I am not heavily opposed to have two kinds of converters either, although the advantage of having one is that we could try to make roundtrip (R -> Python -> R and Python -> R -> Python) work for at least the common cases. If we use different classes for each conversion it is not immediately obvious for which combinations rountrip even makes sense.

Great, thanks, added! I'm thinking this in case it might be useful when reporting work (not sure if it makes any difference though). I left emails out from the authors list so that you remain as the main contact point (in the maintainers list too with an email).

I asked because one of the things I wanted to do when I am less busy is to submit the package to the Journal of Open Source Software (JOSS). As the package was already approved by PyOpenSci, it should be fast-tracked (provided that they consider it in scope), so I would only need to write a small paper. I already have a description of the library from my PhD thesis, so I would only need to adapt it to the final format. If we merge this before submitting to JOSS, I would need to also add a small description about the writing capabilities, and I could add you as coauthor, if you need/want to be recognized. Note that although the JOSS is a peer-reviewed journal, it is still not indexed in Web of Science, so it may not be taken into account for academic merits in some countries, such as Spain, which tend to disregard publications not in JCR.
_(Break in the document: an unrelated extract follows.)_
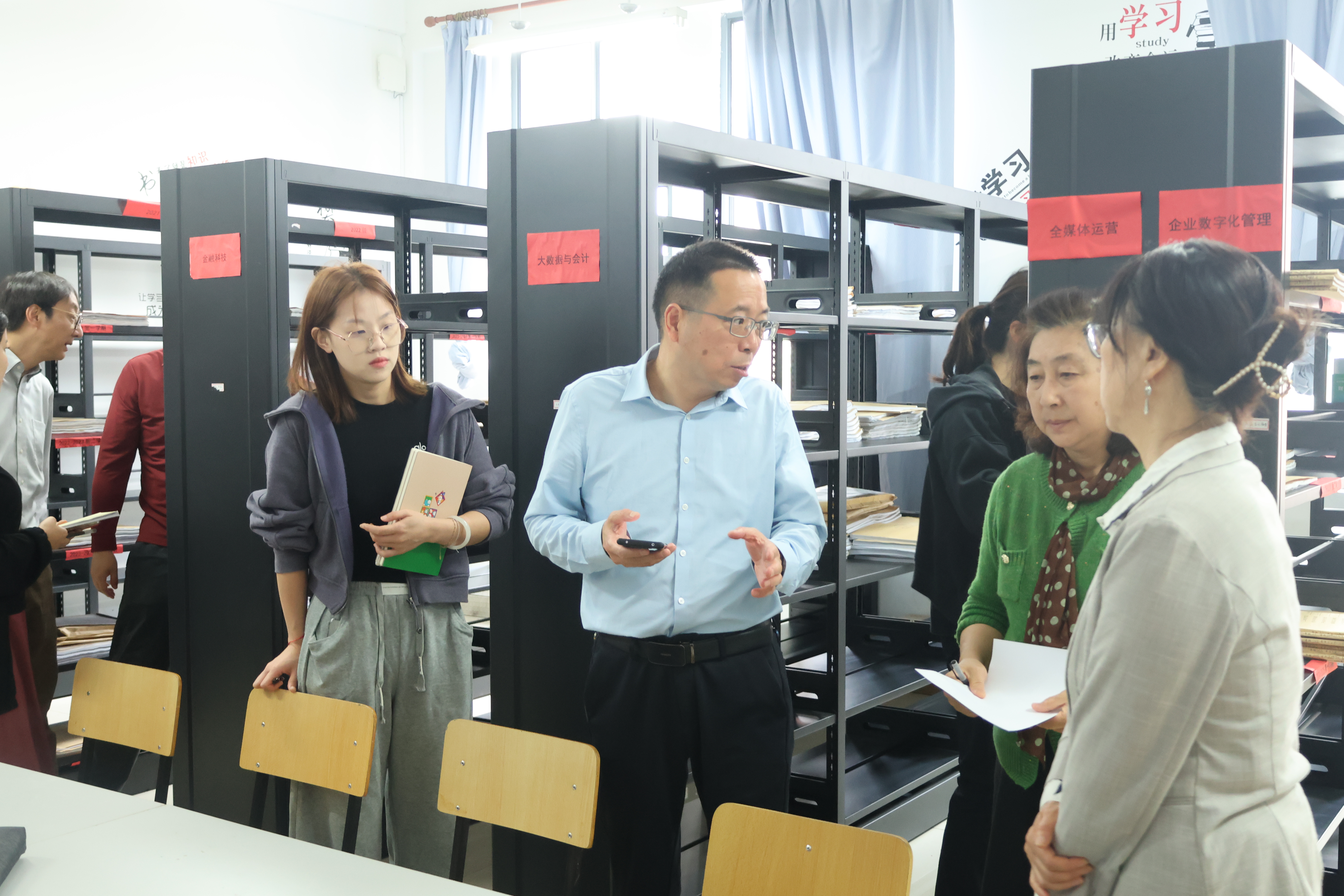 为全面保障教学质量,规范教学过程管理,根据学校统一部署,经济与管理学院于2025年4月9日至4月16日组织开展期中教学检查工作。4月22日上午,学校教务处副处长柳伟和刘英语、教务处专员戴小波、教师发展中心主任朱伟文、规划与质量管理处韩连民以及教务处和各职能部处相关老师,莅临经济与管理学院,重点督查学院新进教师教案、抽查课程教学大纲、抽查学期试卷装订情况;查看教学进度表、听课记录、教研活动记录等;询问教学运行情况;抽查专科、本科实训材料,本科论文、实验室日志、实验室使用率;查看教师座谈会、学生座谈会记录。期中教学检查旨在通过细致入微检查,精准发现问题,全面总结经验,进而优化教学管理流程,提升学院整体教学水平与人才培养质量。

I also added a few more tests and the following section to pyproject.toml to exclude type checking sections from coverage report (https://github.com/vnmabus/rdata/commit/3d815f1b8c8fdcd672a8e4b4bed40f9d2a746379).

That looks useful indeed. I would have done it in a separate PR, but it does not matter much.
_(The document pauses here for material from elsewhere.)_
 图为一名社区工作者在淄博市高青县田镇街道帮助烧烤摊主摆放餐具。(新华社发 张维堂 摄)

trossi commented 2 months ago

I am not heavily opposed to have two kinds of converters either, although the advantage of having one is that we could try to make roundtrip (R -> Python -> R and Python -> R -> Python) work for at least the common cases. If we use different classes for each conversion it is not immediately obvious for which combinations rountrip even makes sense.

Such roundtrip is currently implemented in the added test, but it's true that it's not obvious without running the code which types work for the roundtrip. This could indeed be refactored.

I asked because one of the things I wanted to do when I am less busy is to submit the package to the Journal of Open Source Software (JOSS). As the package was already approved by PyOpenSci, it should be fast-tracked (provided that they consider it in scope), so I would only need to write a small paper. I already have a description of the library from my PhD thesis, so I would only need to adapt it to the final format. If we merge this before submitting to JOSS, I would need to also add a small description about the writing capabilities, and I could add you as coauthor, if you need/want to be recognized. Note that although the JOSS is a peer-reviewed journal, it is still not indexed in Web of Science, so it may not be taken into account for academic merits in some countries, such as Spain, which tend to disregard publications not in JCR.

I think JOSS is a great journal and I would be happy to co-author if that is fine with you. Thanks a lot for asking! I can also contribute in writing the paper and adding documentation about the writing functionality to the readthedocs pages. But it's up to you if you would prefer to restrict the JOSS paper to the reading capabilities of the package only.

trossi commented 4 weeks ago

@vnmabus Thank you for the thorough review and the update regarding JOSS!